The National Association of Medical Education Companies held a really interesting session after hours on Thursday on a SWOT (strengths, weaknesses, opportunities, and threats) analysis they had conducted via the CME LinkedIn group.
While many strengths were outlined, I thought they all boiled down to this at the core: CME itself is becoming more effective by being designed based on knowledge/care gaps in mind, including multiple touch points, using multimedia formats to engage physicians, using social media to disseminate information, and measuring outcomes to determine what's working, what isn't, and what further education is needed.
An interesting strength someone in the audience chimed in with was that CME providers also are a strong economic force, "we provide employment," he pointed out. In terms of MEC-specific strengths, people pointed out that they're innovative and nimble in responding to changes, and "we're held to a higher standard already." As another person pointed out, "We're the only group that actually chooses to do this," which I thought was an interesting thing to say!
While there were a few weaknesses as well, again they boiled down to the fact that the CMI enterprise isn't telling its own story very well, from the bias safeguards around commercial support, to why and how it's different from promotion, to articulating a universal definition of what the different outcome levels mean.
Key quote: "We continue to let others define who we are as an industry.

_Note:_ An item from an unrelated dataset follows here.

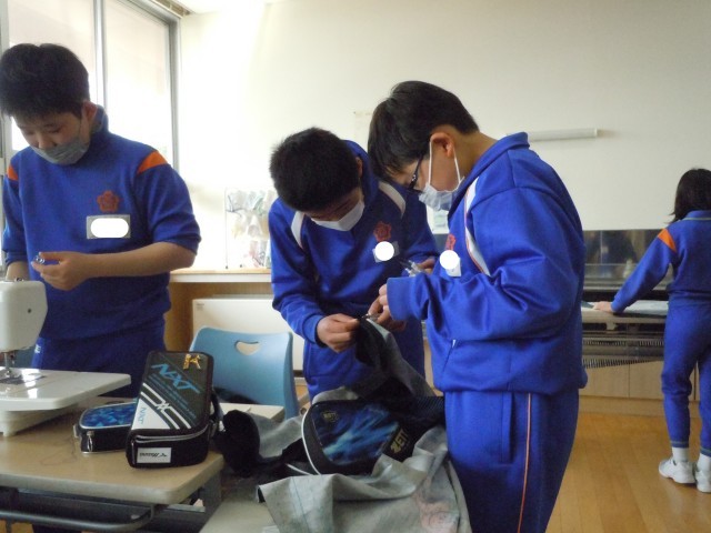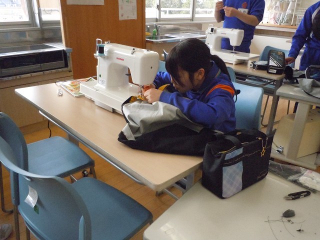 家庭科の時間です。エプロンが出来上がってきました。ひもを通して出来上がりです。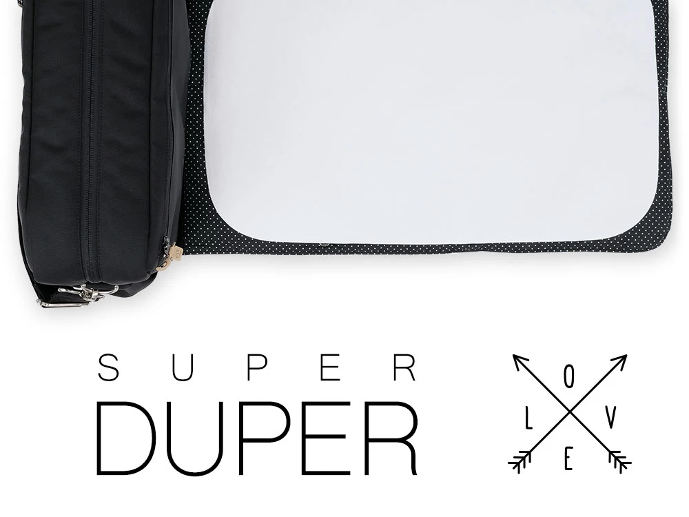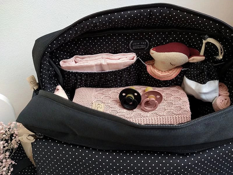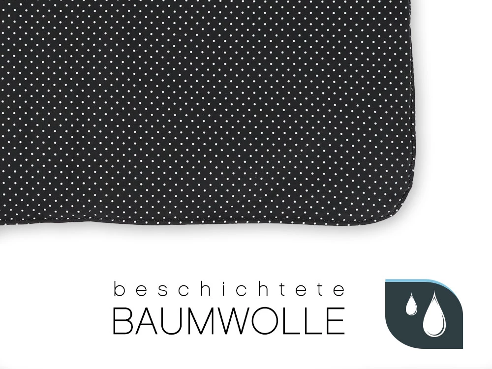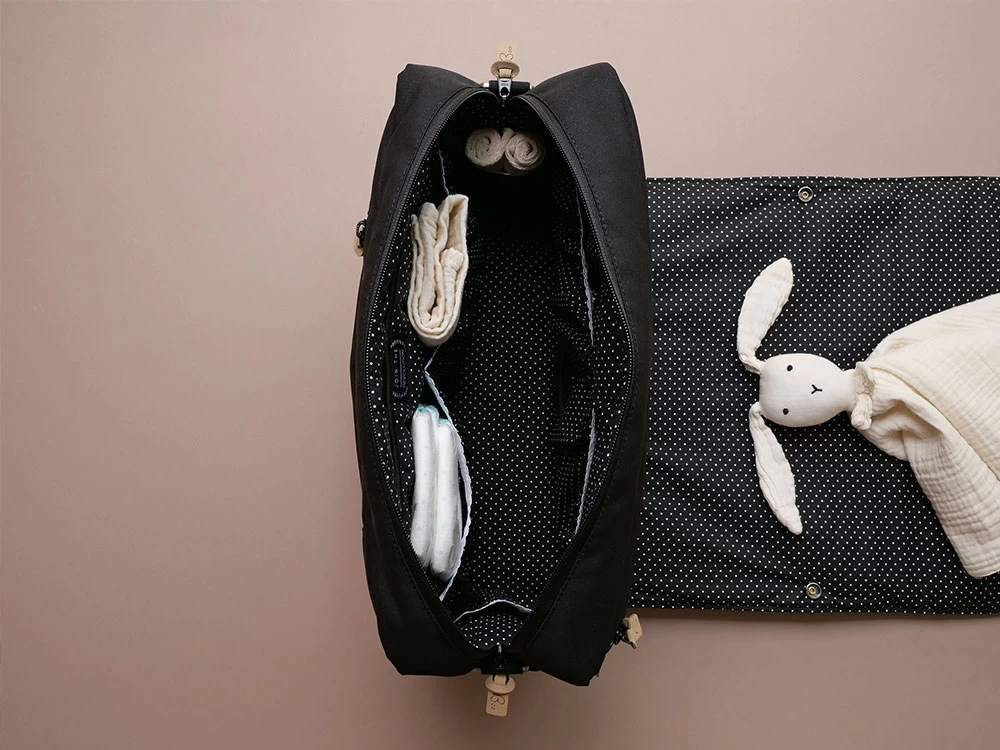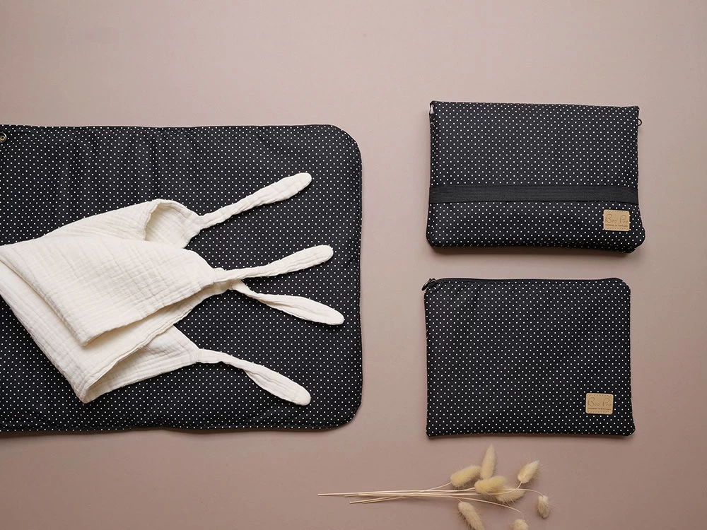 Schwarze Wickeltasche mit wasserfestem Innenstoff und minimalistischem Design. Diese ganz besondere Wickeltasche besticht durch ihre schlichte Schönheit und edle Eleganz. Die beschichtete Baumwolle innen ist mit kleinen weißen Tüpfchen übersät.

We should not be apologists for the good work we do."
The opportunities are, as the presenter said, "hiding in plain sight," including some that may spring from healthcare reform, the growing role of social media in healthcare, and the wealth of data the CME enterprise is generating (if providers can stop protecting data from "competitors" and share the wealth with each other, that is.)
Similar to weaknesses, most of the threats people talked about stem from a lack of communication: confusion in the media, and among healthcare providers, on the difference between certified CME and promotion, for example.
There was a lot of great discussion, and the energy in the room was high. But, as session leader Jan Perez said, it's easy to just let the idea of advocating for CME drop once everyone gets back to their daily grind. We talked about contacting our local congressmen/women, writing letters to the paper when articles are published that bash CME, submitting papers outlining good CME cases to non-CME association and disease-state publications.
What else can CME stakeholders do to set the record straight?